+++ Given material +++

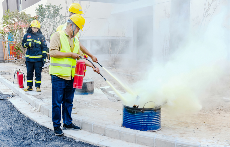 演練結(jié)束,園區(qū)消防救援大隊(duì)對(duì)火災(zāi)應(yīng)急疏散過程中存在的問題進(jìn)行一一點(diǎn)評(píng),演示了滅火器的使用方法,為現(xiàn)場(chǎng)工人科普了消防知識(shí),邀請(qǐng)現(xiàn)場(chǎng)人員參與滅火體驗(yàn)。
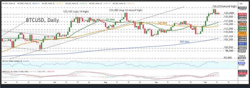 BTC (BTCUSD) is extending its consolidation near the 122,100 threshold later than rebounding from Tuesday’s sharp drop of over from its 125,000-126,000 record peak territory, as rising profit-taking pressure keeps investors cautious.
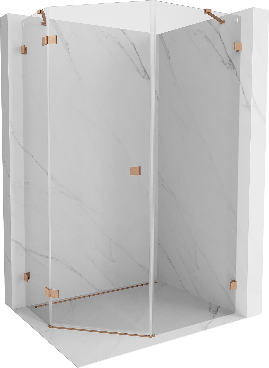 Mexen Lunar pentagonální sprchový kout s otevíracími dveřmi vlevo, 90 x 100 cm, transparentní, kartáčovaná měď
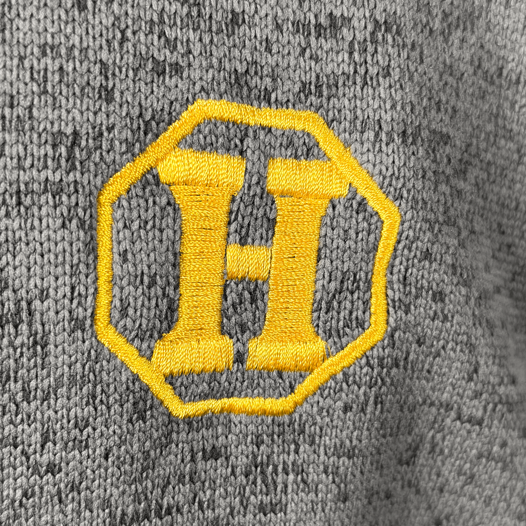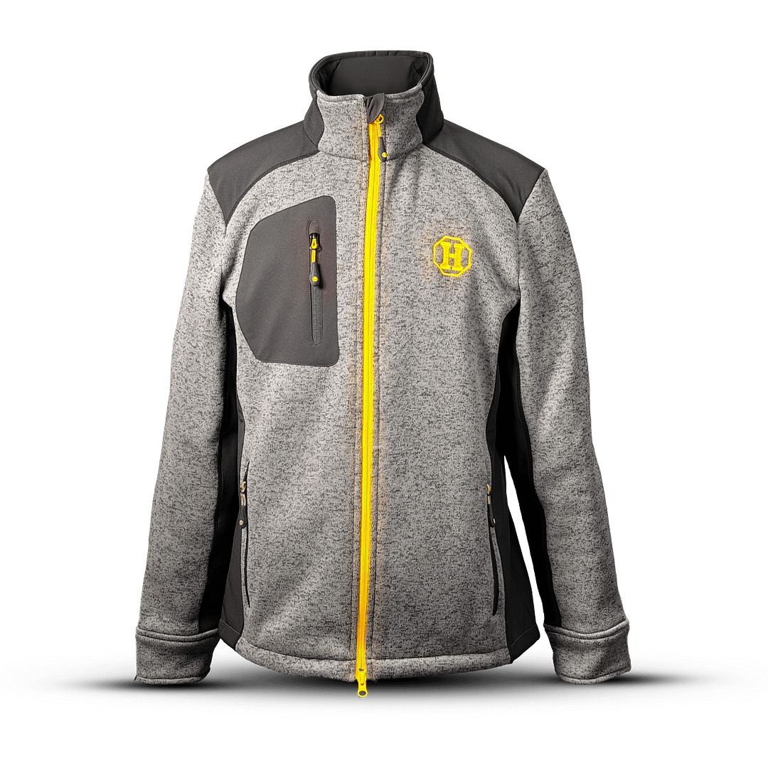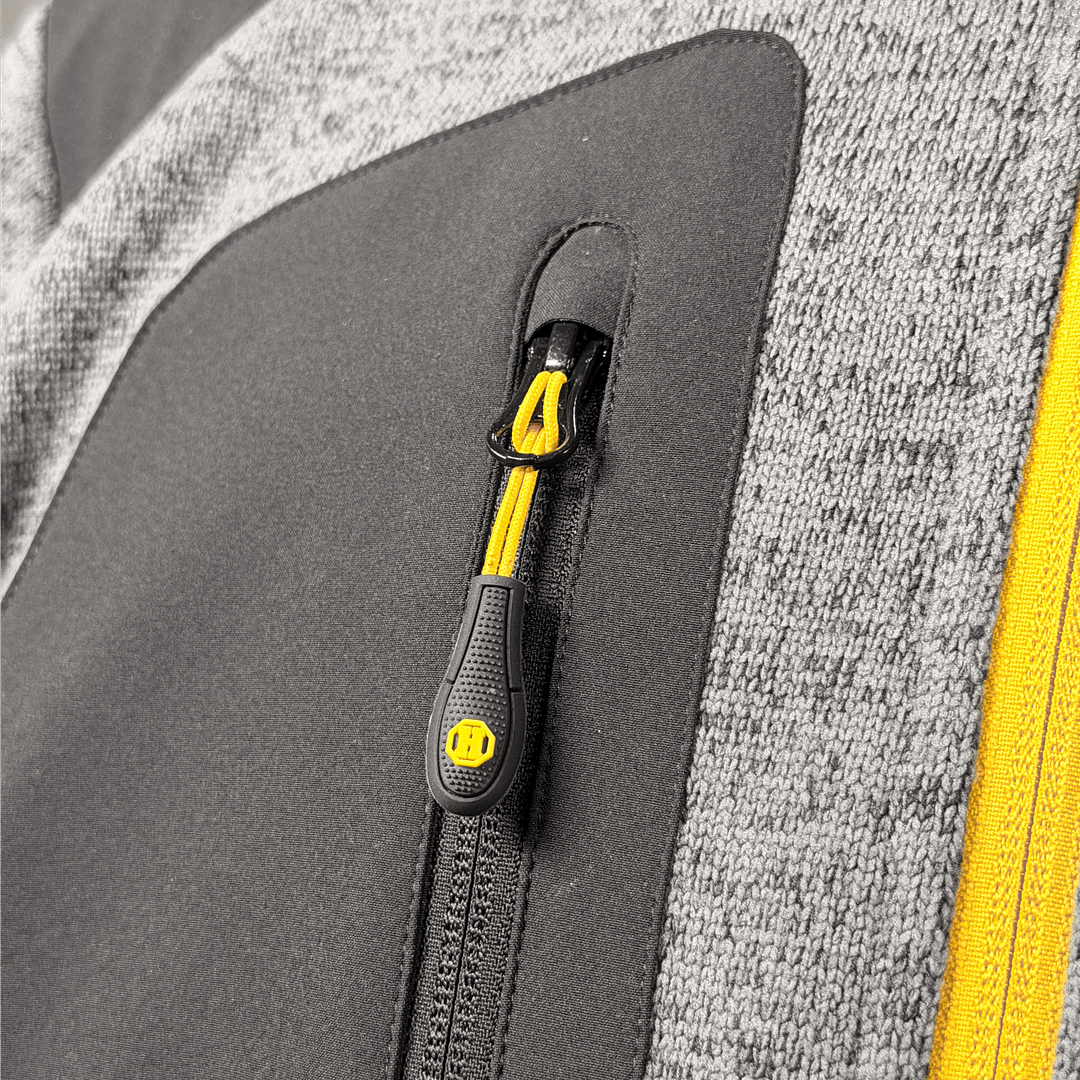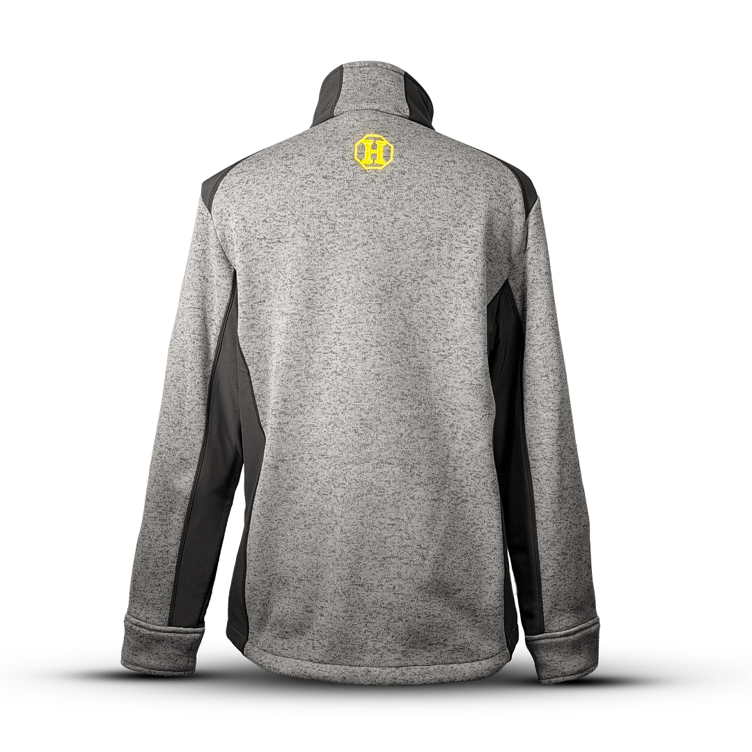Jakken er fremstillet i en strikket fleece i en lysere grå nuance, som giver et mere rent og tidssvarende look. De tidligere gule syninger er fjernet for et mere afdæmpet design, mens de nye H-logoer på brystet, armen og lynlåsene tilfører jakken et markant og eksklusivt Hydrema-udtryk. I nakken fuldendes designet af det klassiske Hydrema-logo.

+++

(What to work on)
From the line containing "BTC (BTCUSD) is" through the last line of the data above, write out every line word for word, and nothing else. Do not include the pictures.

(Answer to the exercise)
 BTC (BTCUSD) is extending its consolidation near the 122,100 threshold later than rebounding from Tuesday’s sharp drop of over from its 125,000-126,000 record peak territory, as rising profit-taking pressure keeps investors cautious.
 Mexen Lunar pentagonální sprchový kout s otevíracími dveřmi vlevo, 90 x 100 cm, transparentní, kartáčovaná měď
Jakken er fremstillet i en strikket fleece i en lysere grå nuance, som giver et mere rent og tidssvarende look. De tidligere gule syninger er fjernet for et mere afdæmpet design, mens de nye H-logoer på brystet, armen og lynlåsene tilfører jakken et markant og eksklusivt Hydrema-udtryk. I nakken fuldendes designet af det klassiske Hydrema-logo.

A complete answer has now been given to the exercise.